====== Dataset content ======
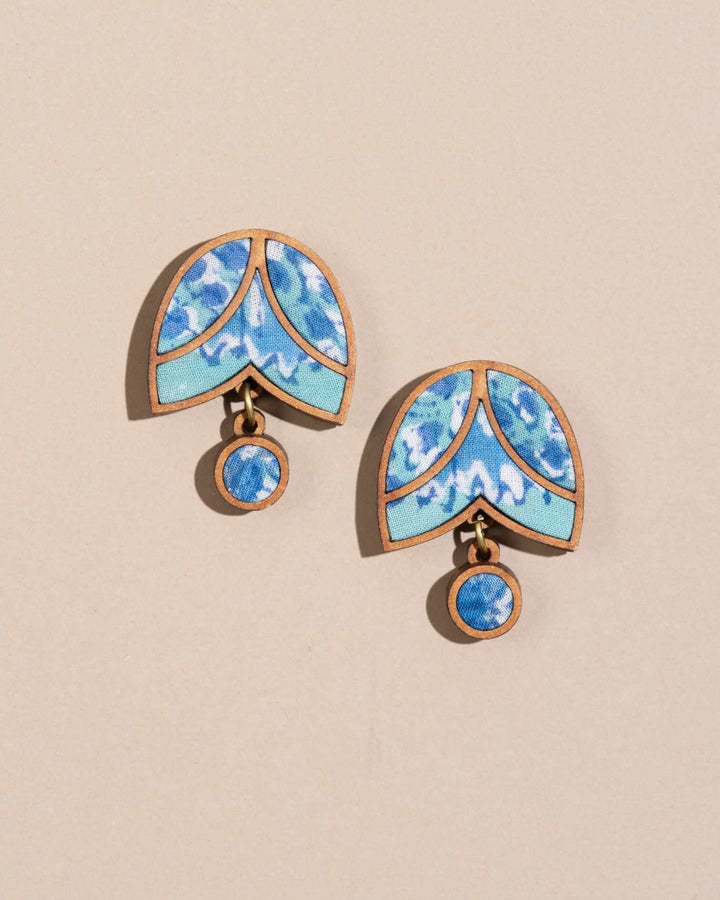 WHE Shades of Blue Bloom Upcycled Fabric and Repurposed Wood Stud Earrings
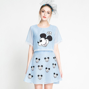 ANLANNA2015明星楊穎同款米奇印花花瓣短袖上衣半身裙女兩件套裝 /
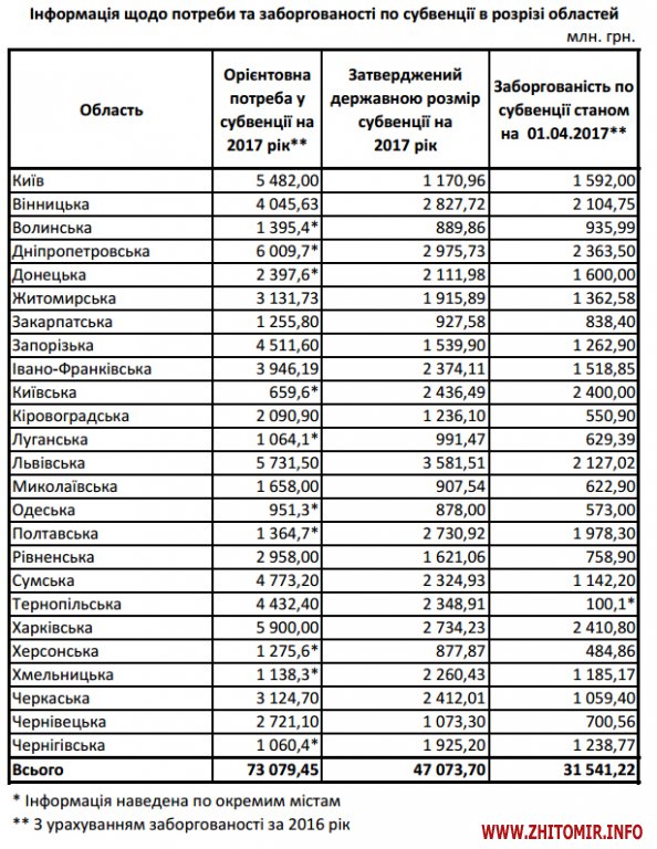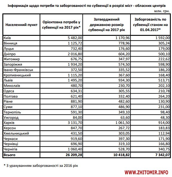 Так, орієнтовна потреба Житомирської області у субвенції на 2017 рік (з урахуванням заборгованості за 2016 рік) становить 3 млрд 131,73 млн грн, затверджений державою розмір субвенції на 2017 рік – 1 млрд 915,89 млн грн, заборгованість по субвенції станом на 1 квітня цього року – 1 млрд 362,58 млн грн. Потреба Житомира у субвенції на поточний рік – 676,75 млн грн, затверджений державою розмір субвенції – 347,97 млн грн, борг на 1 квітня – 222,62 млн грн.
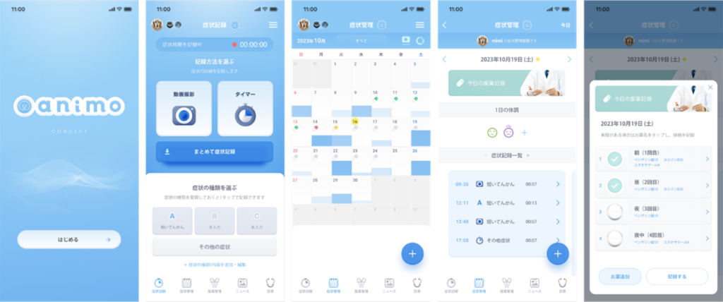 animoは非常に簡単な操作で日常生活下や症状発現時の状況(動画、画像、症状記録、服薬記録、生活イベントなど)を記録することが可能であり、かかりつけ医は遠隔の専門医にもそれらの記録を飼い主の同意のもとで共有したうえで相談や診察を受けることが可能です。アプリおよびサービスの開発を進めるにあたっては、日常の症状記録や専門的な知識を有する獣医師との繋がりが特に求められる領域の1つである“てんかん(神経病)“領域の専門科の視点でも診断や治療に必要な情報が記録されるものになります。animoアプリは、順次他の疾患領域にも展開していきます。
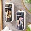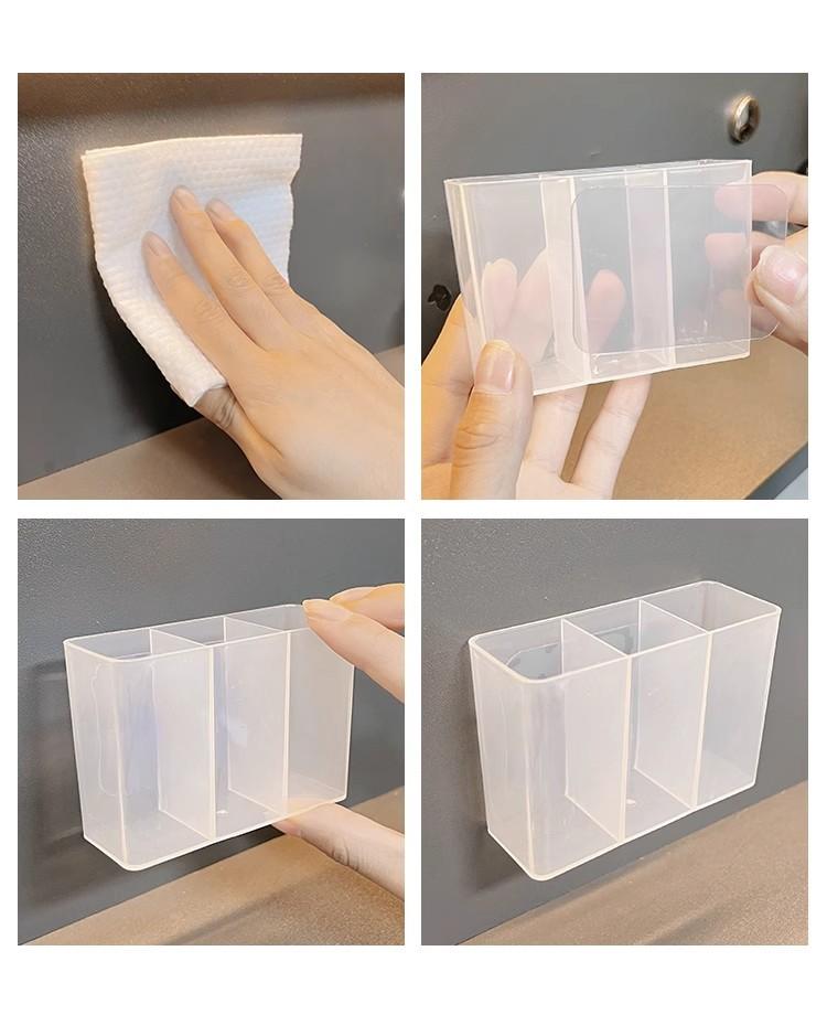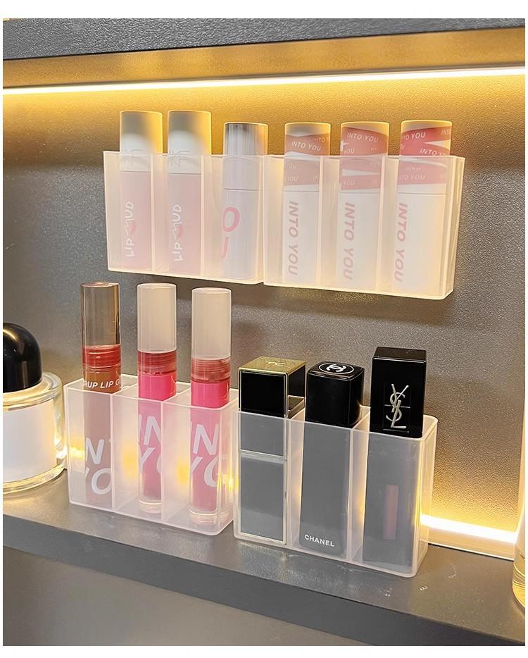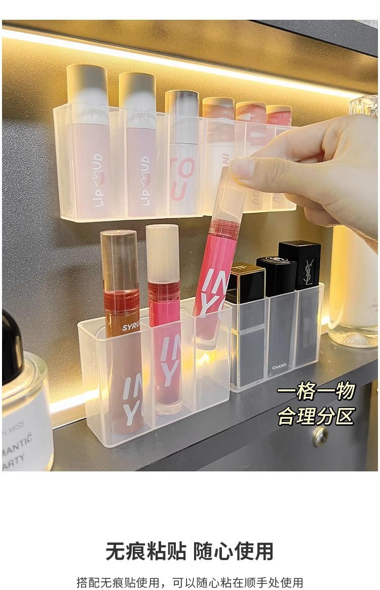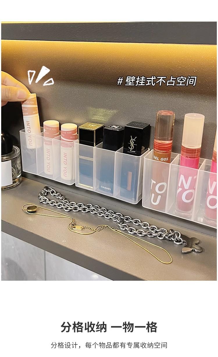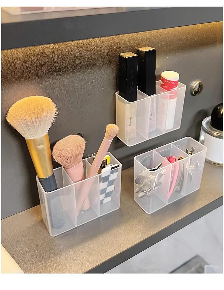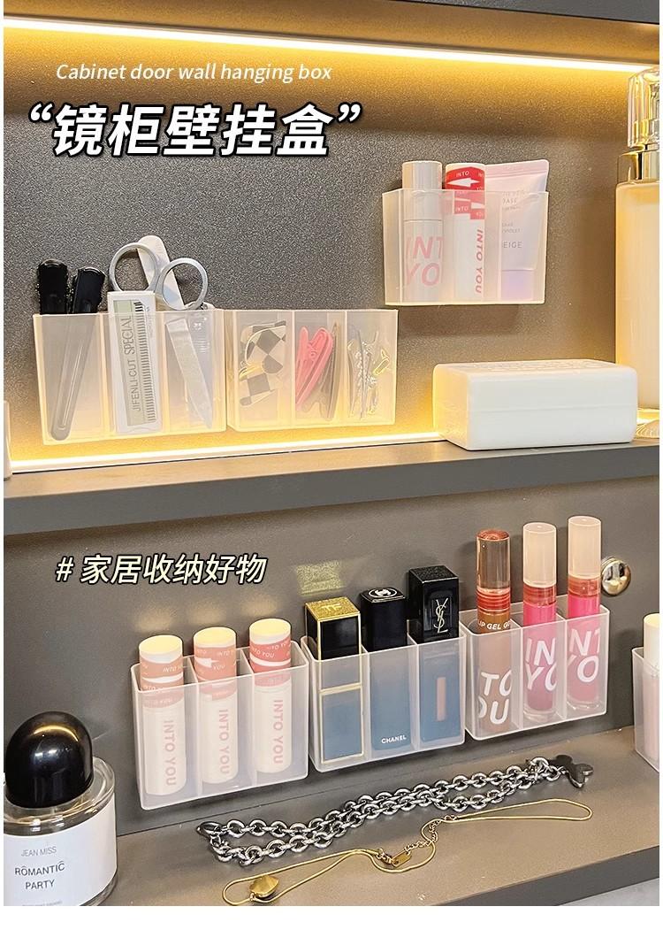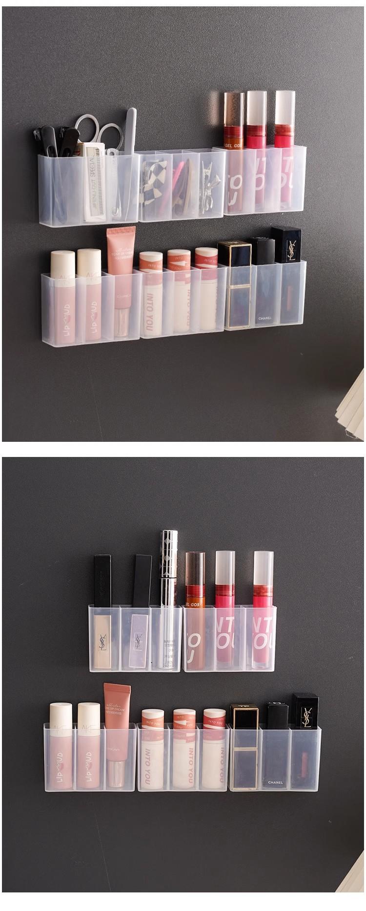 Caja de Compartimentos Montada en la Pared, Caja de Almacenamiento de Artículos de Escritorio sin Perforaciones, Pinza para Cejas, Lápiz para Cejas, Brocha, Cosméticos, Caja de Almacenamiento de Labiales
======
Reproduce the lines from the one with "animoは非常に簡単な操作" through the end of the data, keeping both end lines, adding nothing, and dropping any pictures.

 animoは非常に簡単な操作で日常生活下や症状発現時の状況(動画、画像、症状記録、服薬記録、生活イベントなど)を記録することが可能であり、かかりつけ医は遠隔の専門医にもそれらの記録を飼い主の同意のもとで共有したうえで相談や診察を受けることが可能です。アプリおよびサービスの開発を進めるにあたっては、日常の症状記録や専門的な知識を有する獣医師との繋がりが特に求められる領域の1つである“てんかん(神経病)“領域の専門科の視点でも診断や治療に必要な情報が記録されるものになります。animoアプリは、順次他の疾患領域にも展開していきます。
 Caja de Compartimentos Montada en la Pared, Caja de Almacenamiento de Artículos de Escritorio sin Perforaciones, Pinza para Cejas, Lápiz para Cejas, Brocha, Cosméticos, Caja de Almacenamiento de Labiales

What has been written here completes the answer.